In order to produce good data and to ensure an easy way to control or quantify the data produced, we offer a certain set of tools with tutorials on how to use them both in a standalone way or in a continuous integration way.

HUMGenerator

HUMGenerator (Htr United Metadata Generator) generates metadata, specifically metrics for your corpora. It's specifically being used to generate the volume key of the catalog schema. It can generate a character count table, to help users choose new kind of ground truth to cover more characters.

See demo


HTRUC

HTRUC allows for controlling that the htr-united catalog file is parsable and HTR-United compliant. HTRUC is also meant to offer the tools to parse, augment and compile statistics about catalog file(s).
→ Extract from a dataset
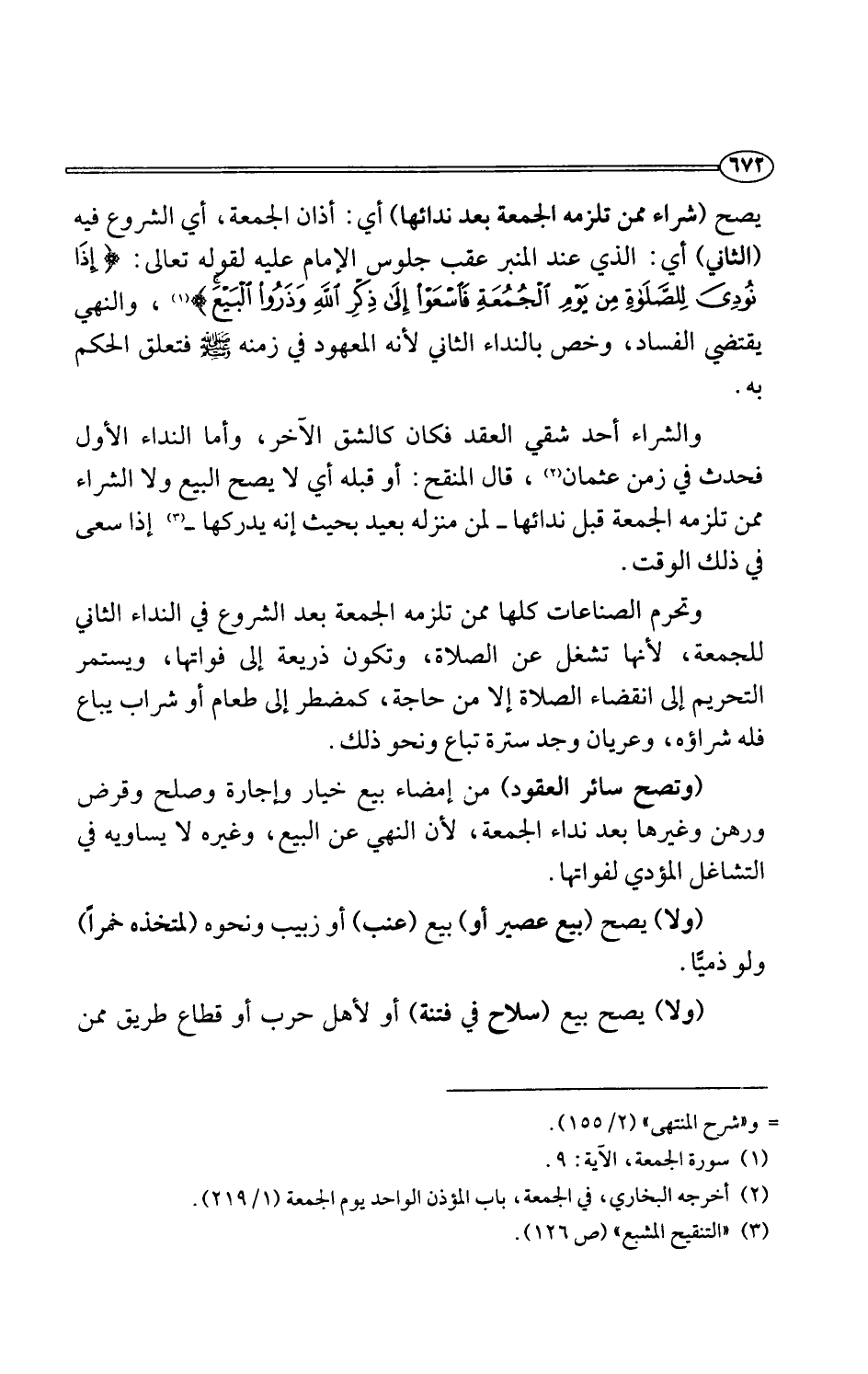 يصح (شراء ممن تلزمه الجمعة بعد ندائها) أي: أذان الجمعة، أي الشروع فيه (الثاني) أي: الذي عند المنبر عقب جلوس الإمام عليه لقوله تعالى: {إِذَا نُودِيَ لِلصَّلَاةِ مِنْ يَوْمِ الْجُمُعَةِ فَاسْعَوْا إِلَى ذِكْرِ اللَّهِ وَذَرُوا الْبَيْعَ} (¬1)، والنهي يقتضي الفساد، وخص بالنداء الثاني لأنه المعهود في زمنه -صلى اللَّه عليه وسلم- فتعلق الحكم به.

This allows the HTR-United central repository to build a general catalog for everyone's use, see the main catalog. It can also be used with HUMGenerator to update a catalog file with new volumes.


HTRVX

HTRVX focuses on controlling the quality of the XML. It provides many options in terms of quality control: schema validation (checking that your ALTO or PAGE is okay), empty line or children-less region detection, Segmonto compatibility for segmentation (see the documentation on the Segmonto controlled vocabulary)

See demo

HTRVX

ChocoMufin

ChocoMufin

ChocoMufin focuses on the characters that are used in the ground truth. It can either help you have an overview of the character used, can be used to control which one are used (to avoid having two characters for the same purpose, which can be common with historical documents) or, using a conversion table, it can be used to normalize a whole set of ground-truth.